Sementara itu, Ketua Forum Warga Kota Azas Tigor Nainggolan mengatakan keputusan Gubernur DKI Jakarta Anies Baswedan menunjukkan kegamangan saat menerapkan PSBB pada masa transisi di Jakarta.

Tigor menyebut PSBB transisi ala Anies ini tak jelas pelaksanaannya. Menurutnya, ketidakjelasan aturan mengakibatkan tak ada langkah sistematis menangani pandemi virus corona.

"Akibatnya PSBB transisi itu hanya istilah dan di lapangan yang terjadi keliaran dan improvisasi masing-masing stakeholder atau pengelola layanan publik," kata Tigor kepada CNNIndonesia.com, Kamis (18/6).

Tigor menyebut Anies harus memperpanjang penerapan PSBB dan menjalankan secara ketat. Selain itu, Pemprov DKI juga perlu mengawasi pelaksanaan kebijakan tersebut sesuai protokol kesehatan.

"Jakarta harus lakukan pengawasan dan penegakan PSBB sesuai protokol kesehatan, bukan lagi standar PSBB transisi yang tidak jelas itu," ujarnya.

Pakar epidemiologi dari Universitas Indonesia (UI) Pandu Riono mengatakan Anies perlu memperpanjang penerapan PSBB dalam menekan penyebaran virus corona. Meskipun, kata Pandu, dalam dua pekan ini penyebaran virus corona cukup terkendali.

"PSBB perlu terus diperpanjang," kata Pandu kepada CNNIndonesia.com, Minggu (21/6).
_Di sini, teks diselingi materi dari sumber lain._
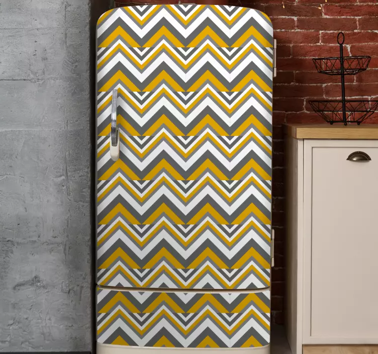 Wprowadź do swojego wnętrza nowoczesny akcent dzięki naszej naklejce na meble w stylu chevron. Ten wyjątkowy projekt wyróżnia się nordyckim stylem, łączącym żółte i szare trójkąty, które tworzą dynamiczny wzór w formie zygzaka. Idealnie sprawdzi się na lodówce czy innych meblach, dodając im charakterystycznego, świeżego wyglądu. Nasza naklejka to nie tylko estetyka, ale także funkcjonalność, która ożywi każde pomieszczenie!
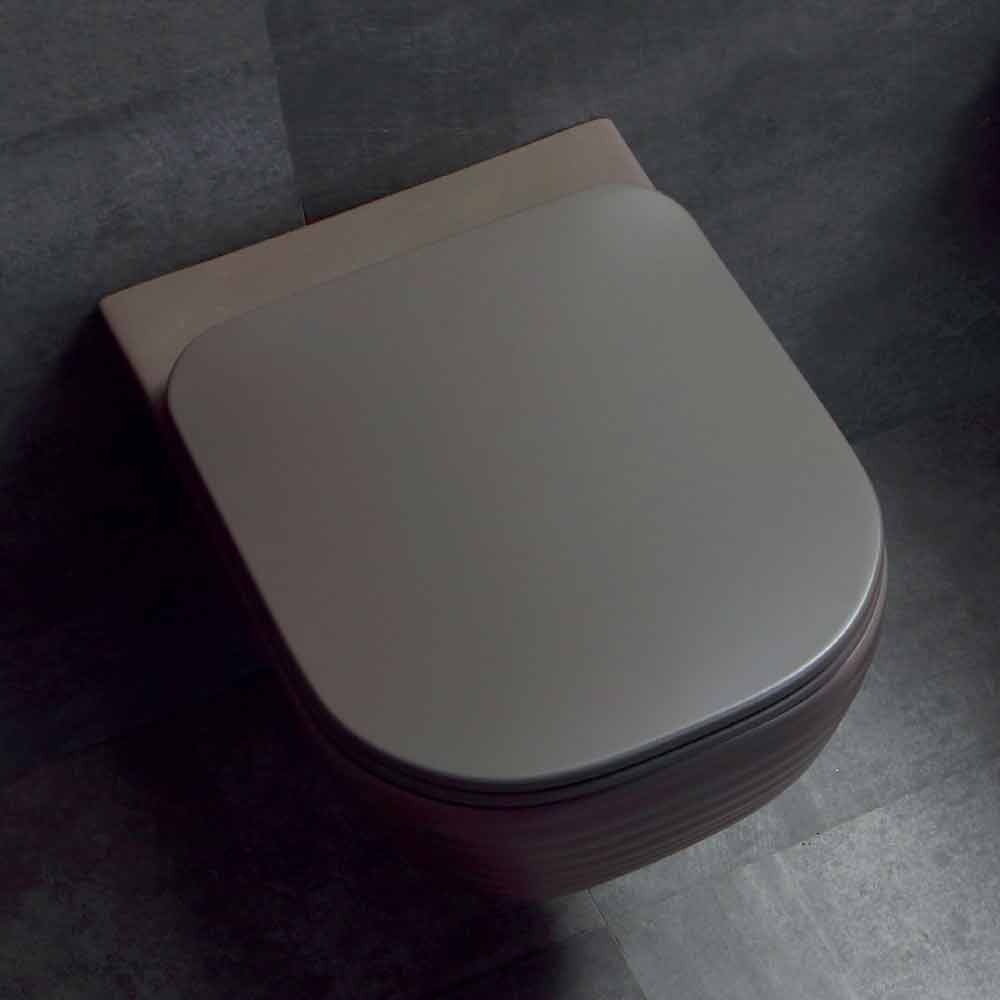 Den upphängda sanitären är särskilt bekväm när det gäller rengöring och väger inte ner området, vilket ger en känsla av lätthet och semplicity.
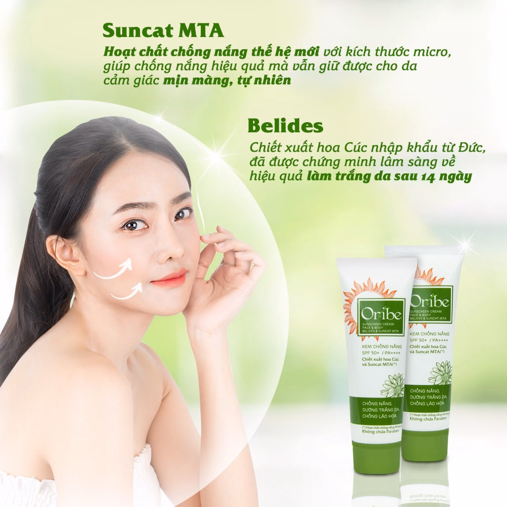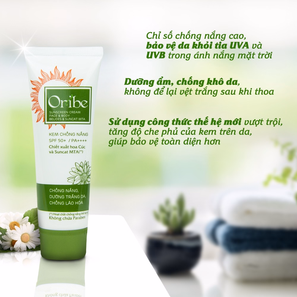 Sử dụng hoạt chất chống nắng thế hệ mới Suncat Mta kích thước micro tạo ra lớp màng chắn an toàn trên da, kết hợp với chiết xuất hoa Cúc giúp dưỡng ẩm, làm trắng da, Kem Chống Nắng Oribe Spf50+ Pa+++ giúp bảo vệ làn da bạn khỏi tác hại của tia Uva/Uvb từ ánh sáng mặt trời, đồng thời giúp da luôn sáng khỏe, mịn màng, ẩm mượt thật tự nhiên!
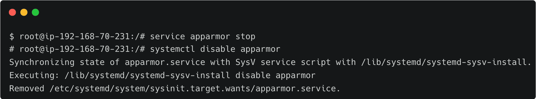 Gaining the root access to the host, John deliberately disables the Apparmor Linux security module, designed to implement mandatory access control (MAC) policies. This step, which is not expected to be performed on production servers, leads to a security risk.
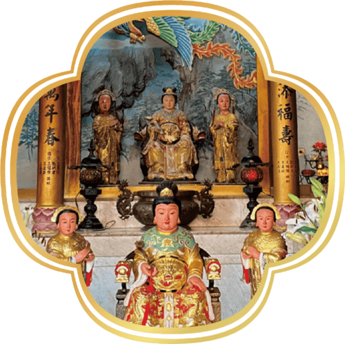 又稱西王母、王母娘娘、金母元君,是中國神話與道教中地位崇高的女神,居住於崑崙山瑤池,被尊為「眾女仙之首」與「天界之母」。祂掌管長生不老、女性命運、健康平安、婚姻子嗣,並舉行蟠桃盛會。祂的形象從早期兇神演變為慈祥母神,在台灣信仰中特別盛行,被視為祈求福祿壽喜的重要神祇。
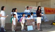 Ils ont voyagé avec leurs parents au cours de ces deux jours dans l’espoir que par leurs efforts, des enfants d’âge semblable en Chine continentale puissent avoir une enfance heureuse comme eux. À la conférence de presse, deux jeunes pratiquants ont dit lors de leur discours : « SVP soutenez-le « Portez secours à des orphelins de Falun Gong en Chine. »
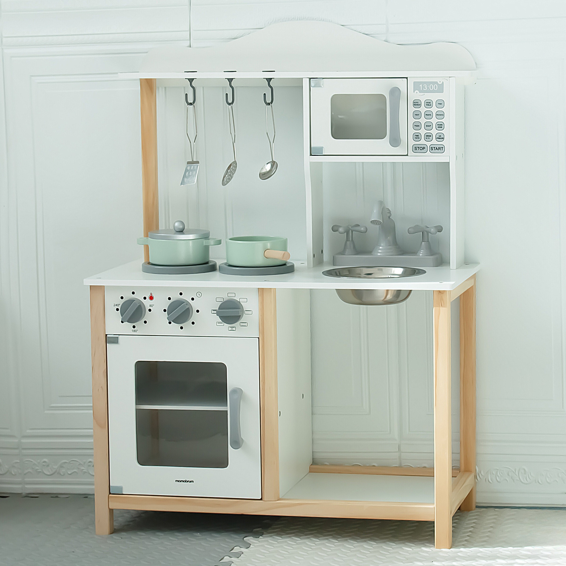 Bucătărie din lemn pentru copii cu cuptor cu microunde

Pandu mengaku pihaknya sedang menyelesaikan kajian pelaksanaan PSBB transisi di Jakarta. Hasil kajian tersebut akan diberikan kepada Pemprov DKI.

Dewan Pakar Ikatan Ahli Kesehatan Masyarakat Indonesia (IAKMI) Hermawan Saputra mengimbau Anies tetap melaksanakan PSBB secara optimal untuk menekan penyebaran virus corona. Menurutnya, jika ada pelenturan pelaksanaan PSBB, tak semua sektor ikut dilonggarkan.

Hermawan tak sepakat dengan istilah PSBB transisi yang dipakai Anies. Menurutnya, tak ada jenis-jenis PSBB sebagaimana diatur dalam Peraturan Pemerintah (PP) Nomor 21/2020.

"Saya mengimbau pemerintah (Provinsi DKI Jakarta) agar tetap menyelenggarakan PSBB secara optimal," ujarnya kepada CNNIndonesia.com.

Hermawan tak ingin PSBB transisi yang diterapkan Anies sejak 4 Juni sampai 2 Juli nanti disalahartikan sebagai kemerdekaan oleh masyarakat. Maklum sekitar tiga bulan sejumlah masyarakat melakukan aktivitas, mulai belajar, bekerja, dan beribadah di rumah.

"Karena tidak sama perspektif pemerintah dengan masyarakat. pemerintah katakan PSBB transisi, tapi masyarakat menganggap kebebasan," katanya.

Sejumlah kebijakan Pemprov DKI dalam penanganan wabah yang tak luput dari kritik itu ditanggapi santai oleh Wakil Gubernur DKI Jakarta Ahmad Riza Patria. Menurut Riza, kritik yang datang merupakan bagian dari kehidupan berdemokrasi.

"Kami anggap itu bagian dari demokrasi kita, kami anggap itu sebagai vitamin yang justru menjadi koreksi, masukan, saran, dan menjadi menguatkan kita. Kita enggak alergi dari berbagai kritik," tutur Riza saat dihubungi CNNIndonesia.com, Sabtu (20/6).

Hingga kemarin, kasus positif virus corona di Jakarta mencapai 9.830 orang. Dari jumlah itu, 5.054 orang sembuh, 615 orang meninggal, dan sisanya masih menjalani perawatan. Jakarta menjadi provinsi dengan jumlah tertinggi di Indonesia.

Meskipun kerap mendapat kritik, kata Riza, kebijakan yang dikeluarkan Pemprov DKI tetap menjadi rujukan sejumlah daerah dalam penanganan pandemi virus corona.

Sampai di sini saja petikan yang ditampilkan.